Implications for Future Research
The results of this study, coupled with the prior studies, suggest that the implementation of SWPBIS with fidelity statistically significantly reduces school suspensions. This study replicated prior studies in other states and we hope to continue replicating these analyses in other states. However, the results do not provide information or details on how implementation of SWPBIS reduces suspensions and whether students in treatment schools are more likely not to display the behaviors that would result in suspension, receive different consequences, or receive Tier 2 or 3 supports instead of suspensions. Much work is needed to better understand the mechanisms and components of SWPBIS implementation that directly impact suspensions. In addition, future studies should consider examining student-level data to examine the likelihood of being suspended more than once in a school implementing SWPBIS, number of days missed due to suspensions, and other related outcomes, including academic achievement. Finally, future research should examine the impact of SWPBIS implementation on suspension rates specifically for students with disabilities, particularly students with EBD.
Conclusion
Disciplinary exclusions, including OSS and expulsions, remain a pressing concern for schools.
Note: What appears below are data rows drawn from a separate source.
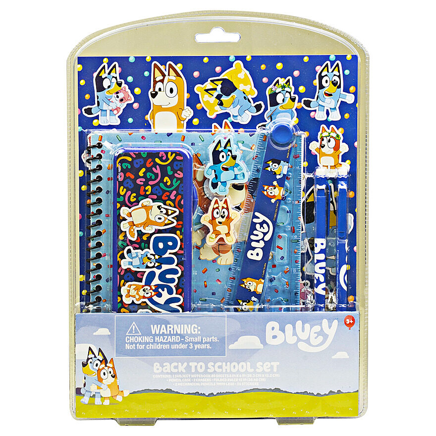 This set provides all the school essentials for Bluey fans! Includes notebook, pencil case, two erasers, folded ruler, two mechanical pencils, and 26 stickers.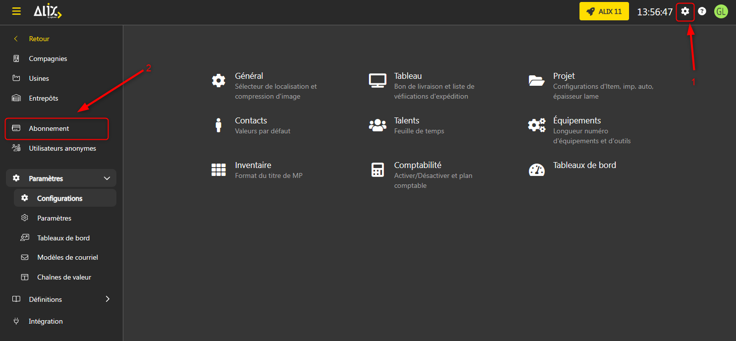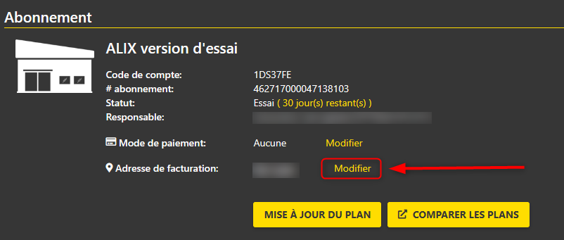 Abonnement Plans d’ALIX Activer l’abonnement après la période d’évaluation gratuite Mettre à jour les informations de paiement Mettre à jour le plan Modifier les limites d’utilisateurs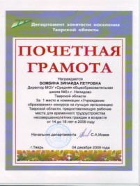 24 июня 2010 г. директору школы - Зинаиде Петровне Бомбиной - вручена благодарность губернатора Тверской области Д.В.Зеленина за достигнутые успехи в работе по организации и совершенствованию учебного и воспитательного процессов в образовательных учреждениях Тверской области.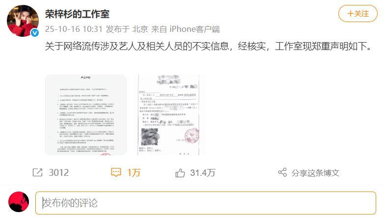 面對輿論熱議,10月16日上午,榮梓杉方面發佈了一份聲明。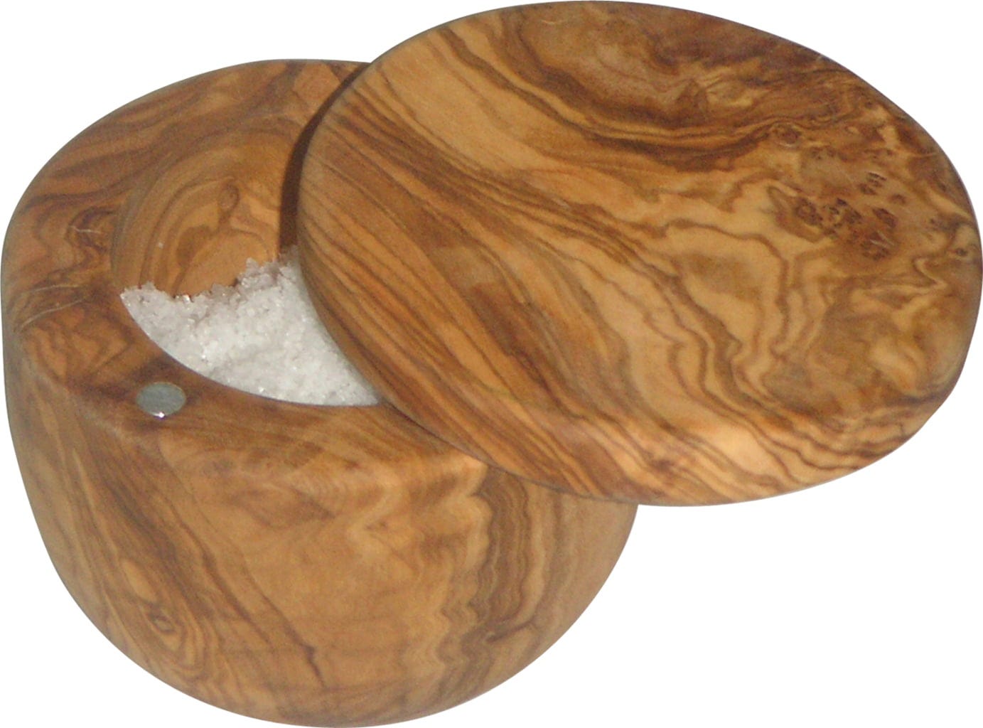 Pięknie wykonany pojemnik do przechowywania najważniejszego składnika aromatycznych potraw: najlepszej soli! Okrągłe pudełko z drewna oliwnego dzięki pokrywce chroni cenną zawartość przed wilgocią i kurzem. Praktyczna łyżka jest częścią zestawu i ułatwia porcjowanie. Podobnie jak wszystkie produkty drewniane firmy BÉRARD, ten szlachetny produkt jest tradycyjnie wykonywany ręcznie. Dzięki naturalnemu wzorowi i kolorowi każdy pojemnik jest wyjątkowy.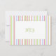 A striped pattern of spring colours overlaid with a framed white layer to hold your monogram, initials, names or date. Use it as stationery, send it as a thank you, or as an invitation. It can also be printed in the 5x7 size.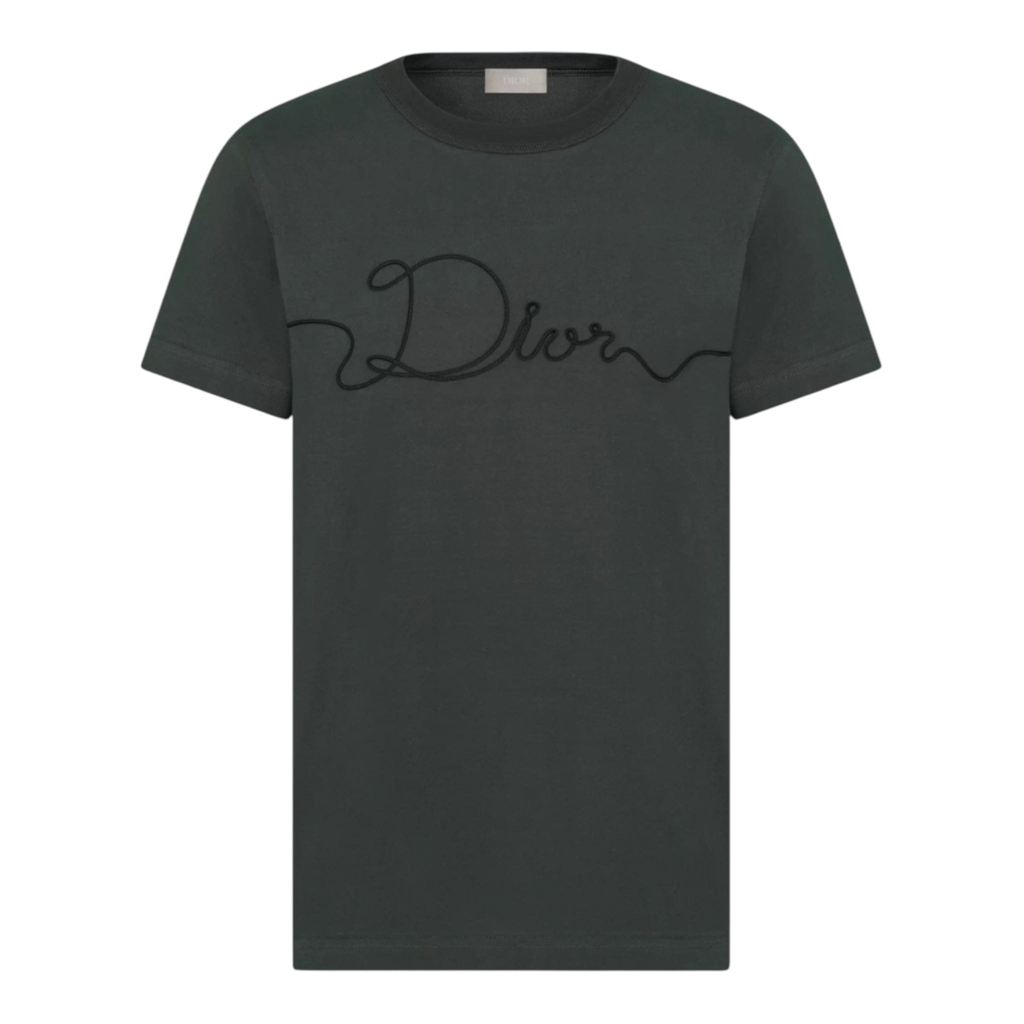 Dior Ribbon Logo Short Sleeve Tee Shirt Deep Grey

The results of this study suggest that implementing SWPBIS with fidelity significantly and meaningfully reduces schools’ use of OSS, replicating findings from similar studies. This finding, coupled with prior studies, provides empirical support that implementing SWPBIS can reduce suspensions, thus keeping those students in school and increasing their chances of being successful in school. Taken together, the results of this and prior studies provide further evidence that implementing SWPBIS with fidelity matters and can have a lasting impact on the students those schools serve.
Footnotes
Declaration of Conflicting Interests
The author(s) declared no potential conflicts of interest with respect to the research, authorship, and/or publication of this article.
Funding
The author(s) received no financial support for the research, authorship, and/or publication of this article.